31 July 2008

We are alone

A couple of reminders this week that belief in the presence of alien beings on earth [1] is widespread and/or goes deep in parts of the culture:
a) the Brit who lost his appeal against extradition had hacked into U.S. military and space systems because he wanted to find out whether aliens really existed; and

b) 'Area 51' is the most popular conspiracy theory in the U.K.
The beliefs are peculiar to the times. As Hilary Mantel puts it, "until the idea of space flight became credible, there were no aliens; instead there were green men who hid in the woods" [2].

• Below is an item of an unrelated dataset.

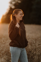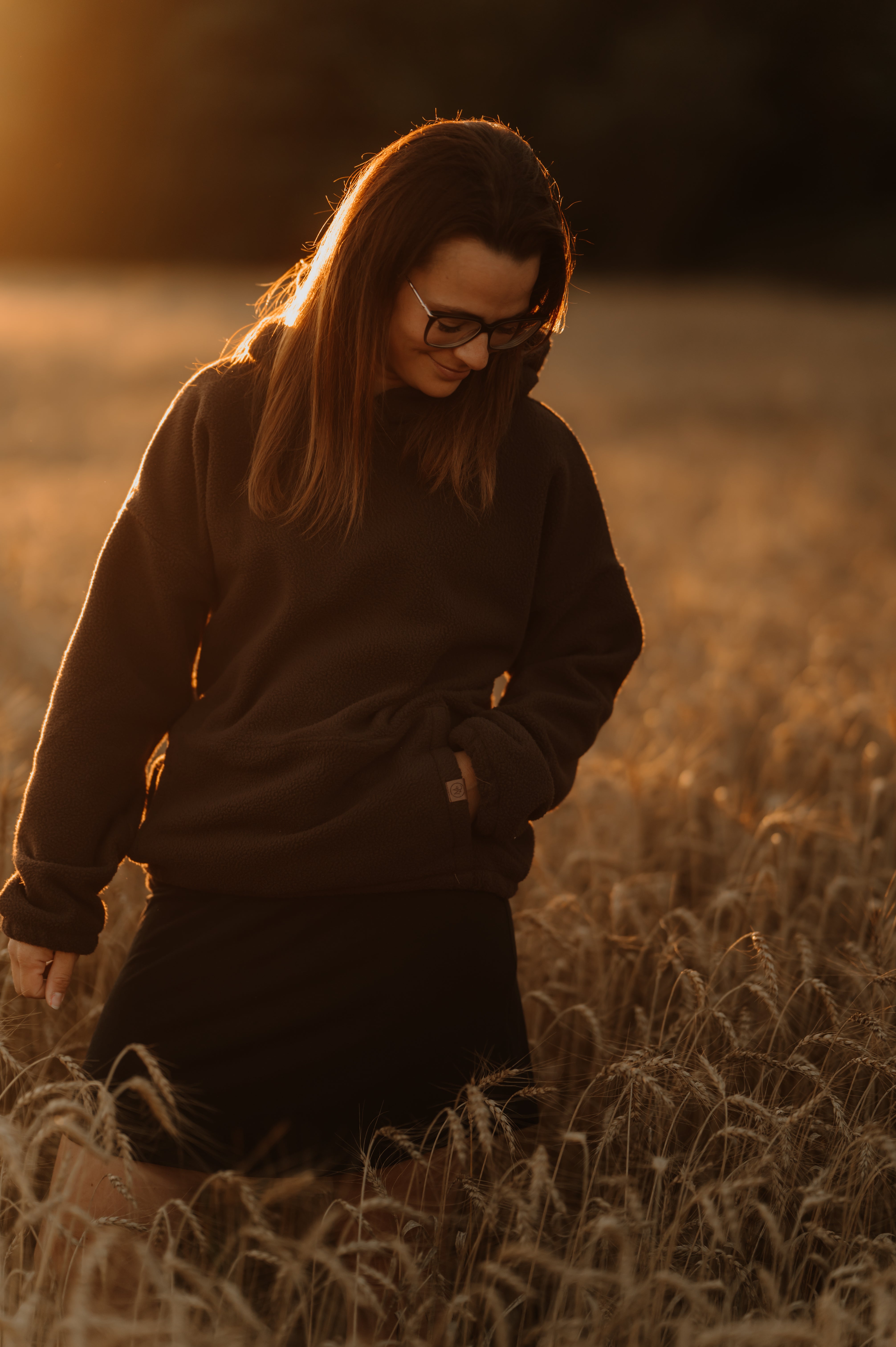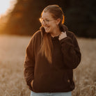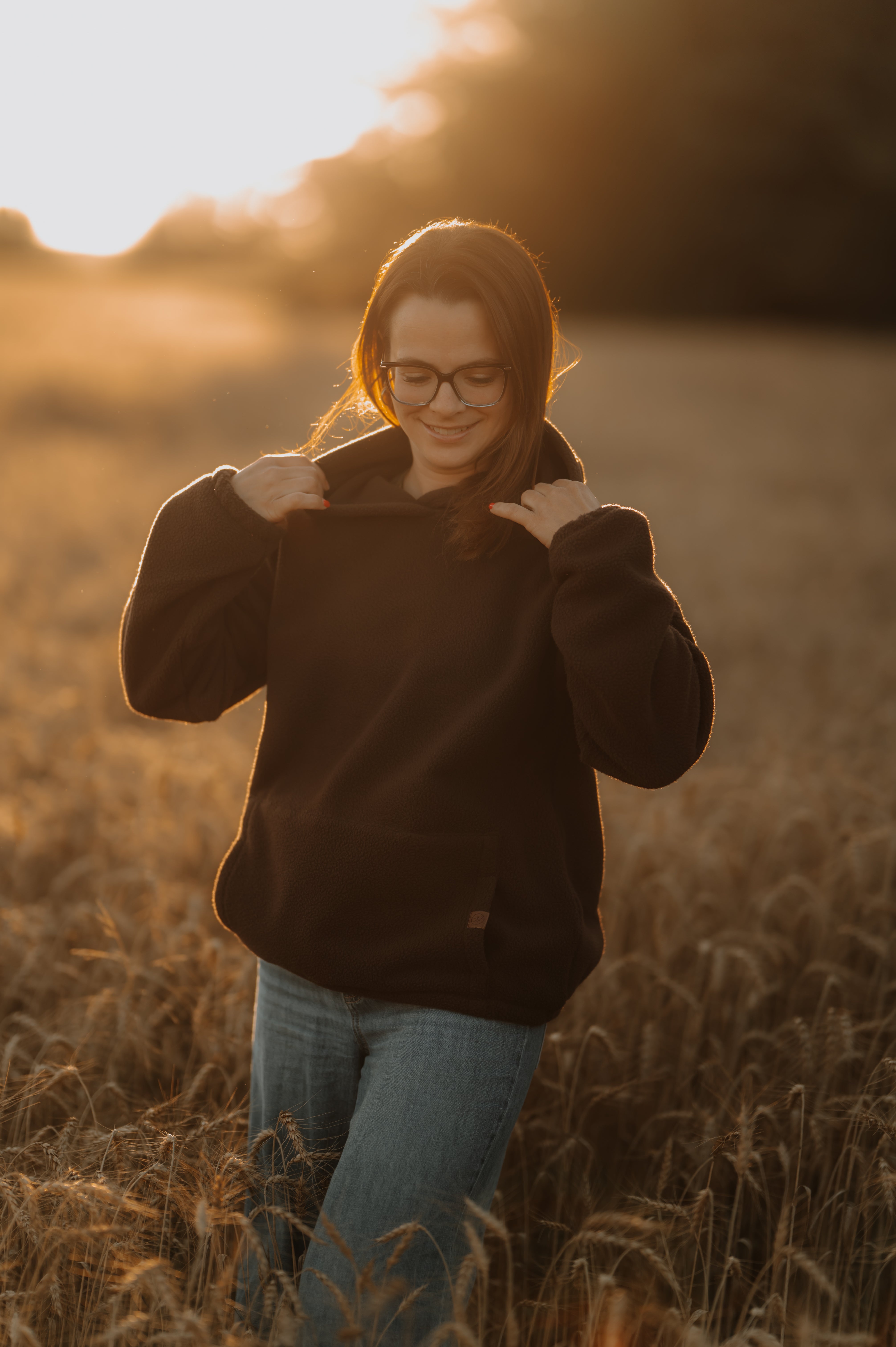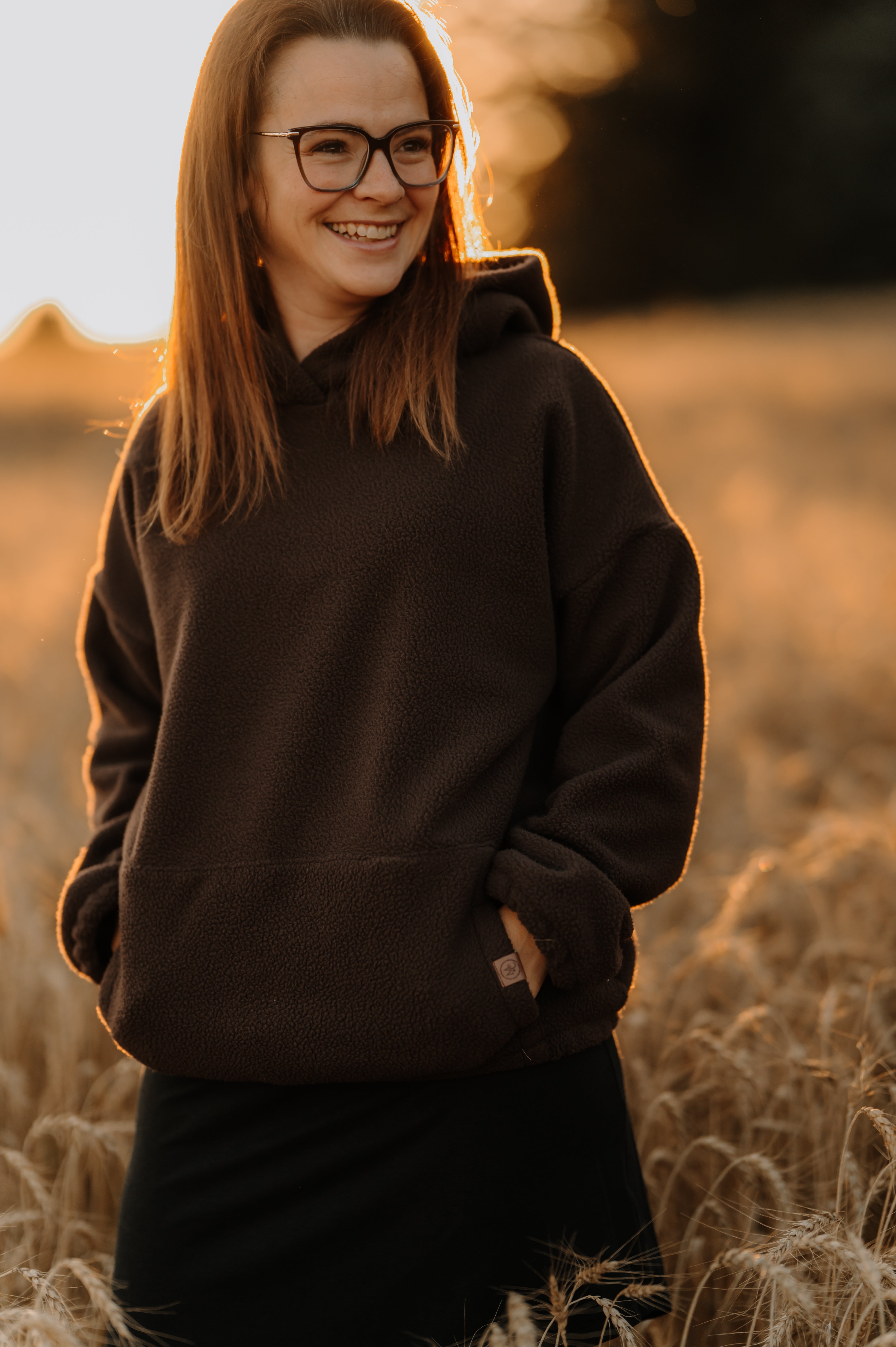 Ce chandail polar à capuchon arbore une coupe décontractée avec une grande poche kangourou pratique, parfaite pour réchauffer vos mains ou y glisser vos essentiels. Sa teinte café noir, élégante et intemporelle, se marie facilement à tous vos looks, que ce soit avec un legging, un jean ou un pantalon de détente.

Imaginitively inhabiting the present extinction event in our own biosphere (if that is what it is) looks like a tougher call [3].

Der Erlkönig
Footnotes

1. The existence, or otherwise, of life in parts of our universe at present remote from us, or in other universes, may be a different matter.

2. In the same piece Mantel writes:
On the lonely road by moonlight, the parts of ourselves oppressed by our intelligence come out to play. We meet ancestral selves, neither gods nor demons but short semi-humans with hairy ears and senses differently attuned – the eyesight of an eagle, the nose of a hound. The phenomena are internal, generated by the psychological mechanisms that connect us to each other and to our evolutionary past.
She has noted elsewhere that we are full of ghosts, but largely human ones.